How Easy Is It Anyway?...How Hard Can It Be?

Matisse started as a painter who was very much tied to the things he saw, but steadily he moved to the point where he wanted much more than that. Colour and all the elements of art needed to be distanced from the 'simpler' act of seeing, while somehow still grounded in 'experienced' reality. It's this duality that still gives such strength to his work. And if we think that this was an easy victory, and not really much of a step, fairly familiar terrain already explored previously by Gauguin and Cezanne just to name two who were at least in the same ballpark, we should think again.

I am mightily surprised by the actual record because the Fauve works produced in Collioure in 1905, seem, on the face of it, such a joyous release. But not everything is as easy as it might at first seem.

" More than forty years later, Georges Duthuit described the state in which his father-in-law [Matisse] approached the act of painting, a tension so extreme that those closest to him risked being sucked in with him to the verge of breakdown or vertigo. "The obvious forebodings experienced by the painter-who is at the same time so prudent, and so orderly that people call him 'the Doctor'---made him tremble. During the few years when he was able to endure this vision, Matisse spent whole nights without sleep, nights of desperation and panic." From now on Matisse would never again be free from the insomnia that had first attacked him on Belle-Ile. Amelie helped him through the interminable nights by reading to him, sometimes until dawn. The novel Matisse remembered reading in 1905 was Alexander Kuprine's Yama, an account of life in a provincial Russian brothel which deeply disturbed him. In fact, he could not have read this particular book (which was not published in French until 1923): it was a freak of Matisse's imagination that transposed Kuprine's powerful images of brutality and exploitation in a nocturnal underworld back to the summer at Collioure, when the stable, familiar daytime appearance of normality seemed to be blown apart before our eyes.

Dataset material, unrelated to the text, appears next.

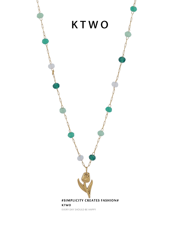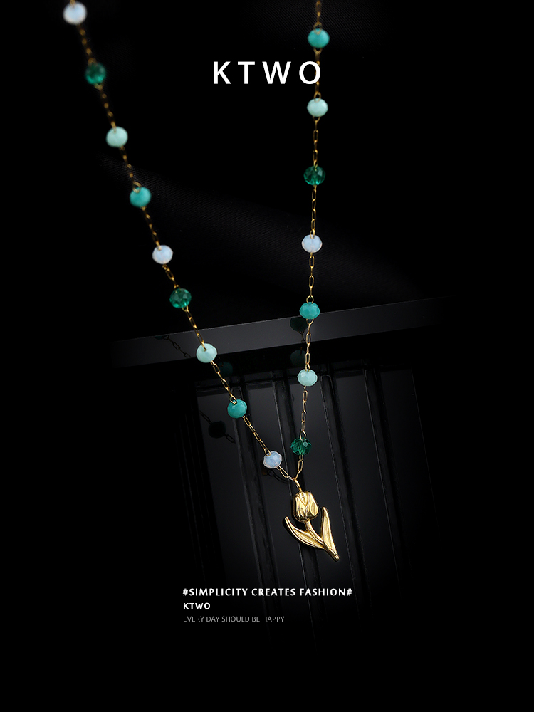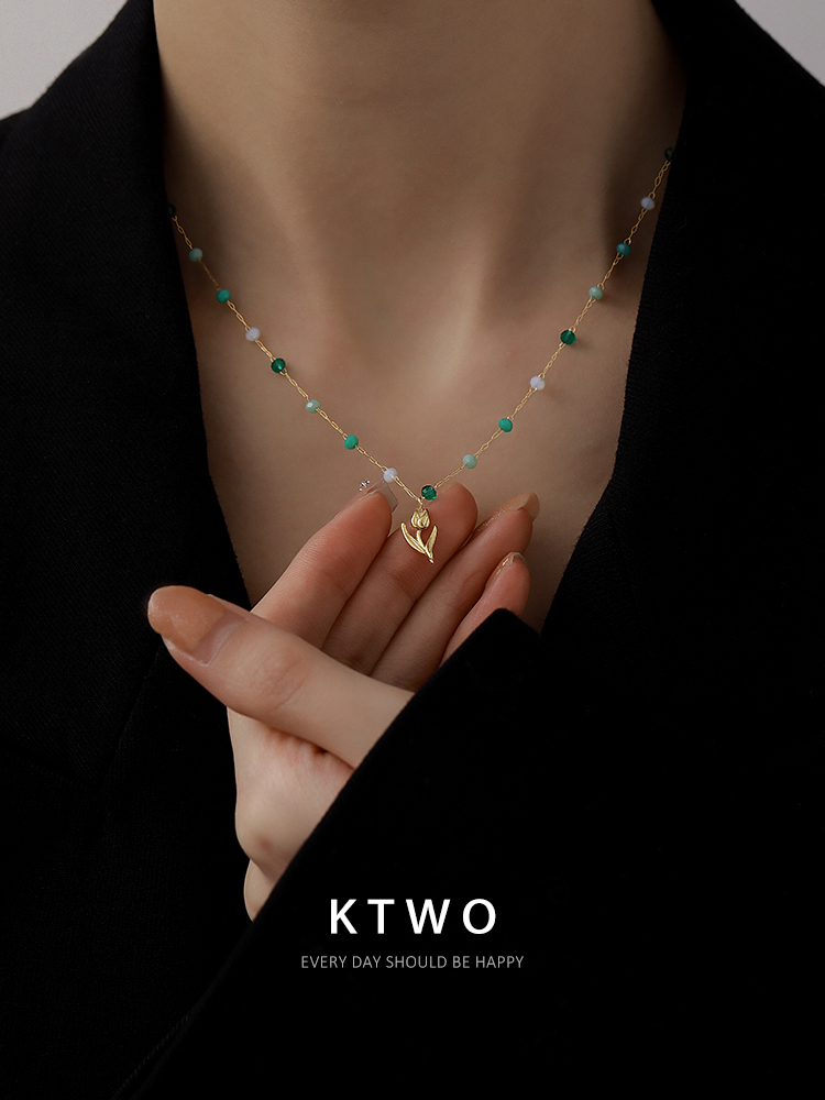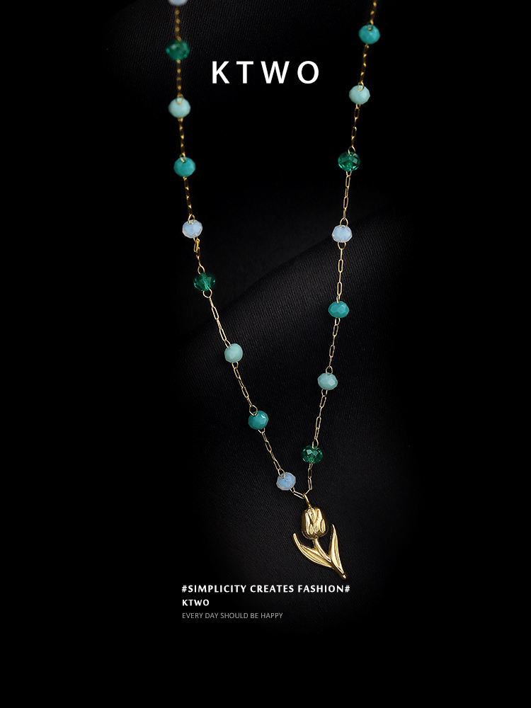 欧美轻奢郁金香吊坠项链女小众设计仿水晶彩色圆珠轻奢高级锁骨链
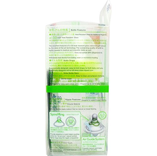 - 【材質】 ボトル:ほうけい酸ガラス キャップ・口部:ポリプロピレン 乳首:シリコーンゴム 【消毒方法】電子レンジ・煮沸・薬液消毒・・・OK 【乳首の吸い穴の形状】丸穴 【耐熱温度】パッケージ側面にてご確認ください。

It is not easy to understand today how paintings of light and colour, mediated through scenes of simple seaside domesticity----a view of fishing boats above pots of scarlet geraniums on the studio windowsill, Amelie wrapped in a towel or seated barefoot on the rocks----could have seemed at the time, both to their perpetrator and to his public, an assault that threatened to undermine civilization as they knew it. But Matisse was not simply discarding perspective, abolishing shadows, repudiating the academic distinction between line and colour. He was attempting to overturn a way of seeing evolved and accepted by the Western world for centuries, going back to painters like Michelangelo and Leonardo, and before them to the Greek and Roman masters of antiquity. He was substituting for their illusion of objectivity a conscious subjectivity, a twentieth-century art that would draw its validity essentially from the painter's own visual and emotional responses.
"

Hilary Spurling, The Unknown Matisse, Volume 1, Penguin, 1998

Saturday, May 9, 2009

Matisse, On Originality

Matisse became very interested in Maupassant's ideas on artistic originality, which grew out of lessons the writer learned as a young man from Gustave Flaubert.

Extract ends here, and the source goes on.